Pertama kali menggunakan media tersebut pada saat Bob merayakan ulang tahunnya, 31 Januari 2020. Ia melukis wajah penyanyi reggae, Bob Marley (1945-1981).
Bob melukis dengan kanvas berukuran 45x30 sentimeter. Kemudian, Bob beralih melukis wajah khas kepala suku di Papua dengan ukuran yang lebih besar, 50x60 sentimeter.
Lukisan wajah kepala suku di Papua itu kemudian dibuat kembali untuk dipamerkan di Papua Design Weeks kali ini. Ada hiasan unik di wajah kepala suku yang dilukis Bob, yakni mengenakan hiasan tulang gigi taring babi terkait di kedua lubang hidungnya.
Hati kayu
Jhon Kaisma masih menyisakan kisahnya. Ini tentang hati kayu, yakni bagian tengah kayu keras yang dipergunakan untuk beragam perlengkapan tradisi di kampung halamannya, seperti untuk membuat tombak kayu atau salawaku.
”Bagian yang dipakai harus hati kayu. Setelah selesai dibentuk, lalu digambari dan dipahat mengikuti gambar, kemudian diberi warna,” ujar Jhon.
Hiasan dekoratif khas masyarakat Papua untuk perlengkapan rumah adat selalu punya makna. Jhon mengatakan, perlu berada di tempat rumah adat untuk menjelaskan makna-makna gambar atau lukisan yang dibuat itu.
”Saya pernah menanyakan kepada bapak saya ketika melukis. Setiap lukisannya selalu punya arti,” ujar Jhon.
Untuk pengambilan hati kayu di bagian dalam tentu akan menyisihkan atau membuang bagian-bagian luar kayu. Ini direspons tim pendamping Papua Design Weeks agar Jhon justru menciptakan karya berbahan lapis luar kayu, bukan hati kayunya.
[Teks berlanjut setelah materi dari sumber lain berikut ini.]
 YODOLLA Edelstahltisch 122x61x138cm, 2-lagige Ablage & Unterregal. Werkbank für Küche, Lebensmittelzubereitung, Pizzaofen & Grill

Kayu gelondongan berdiameter sekitar 40 sentimeter pun diambil dan dirajang melintang. Rajangan-rajangan kayu itu berbentuk papan asimetris. Bagian hati kayu diambil dengan bentuk potongan lingkaran.
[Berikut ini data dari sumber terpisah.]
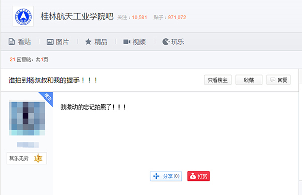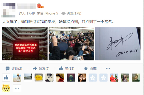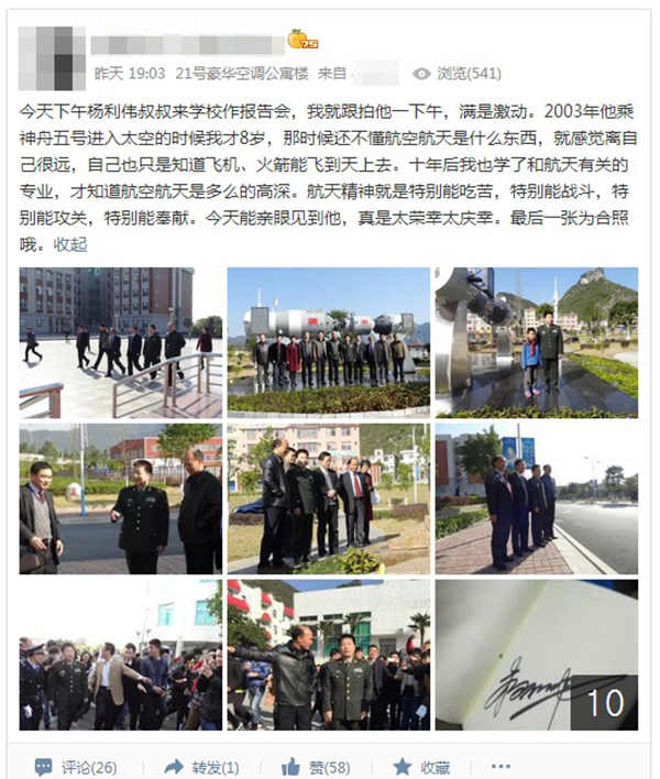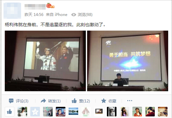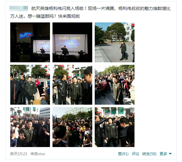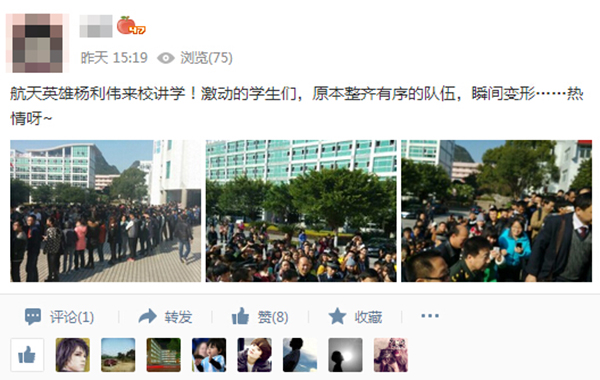 12月18日,“中国飞天第一人”杨利伟将军到访Beat365,在学生中引起的强烈反响,全校近万名师生与杨利伟将军面对面接触,感受到了航天英雄的风采。师生们纷纷通过微博、微信、论坛、QQ等社交媒体表达了内心的激动与喜悦,现收集了部分代表性的信息与大家分享。

Sisa-sisa potongan lingkaran inilah yang kemudian digunakan Jhon untuk membuat karya seni instalasi partisi. Ada bagian kayu yang memiliki potongan lingkaran utuh, ada pula potongan lingkaran itu terputus sebagian.
Jhon menyusun potongan-potongan lapis luar kayu itu menjadi partisi berbentuk segi tiga. Tinggi dan lebarnya berkisar 2 meter. Jhon pun memberi pesan dan makna terhadap karya ini.
Lingkaran hati kayu yang berbentuk sama adalah jiwa manusia semua bernilai sama. Namun, bentuk luar kayu yang asimetris dan berbeda-beda itu sebagai ragam rupa manusia. ”Dengan perbedaan-perbedaan itu, manusia pun memiliki kebebasan untuk berbuat, berbuat ingin menuju surga atau neraka, misalnya,” ujar Jhon.
Inilah sapaan Jhon bersama para perupa lain asal Papua lewat Papua Design Weeks di Yogyakarta.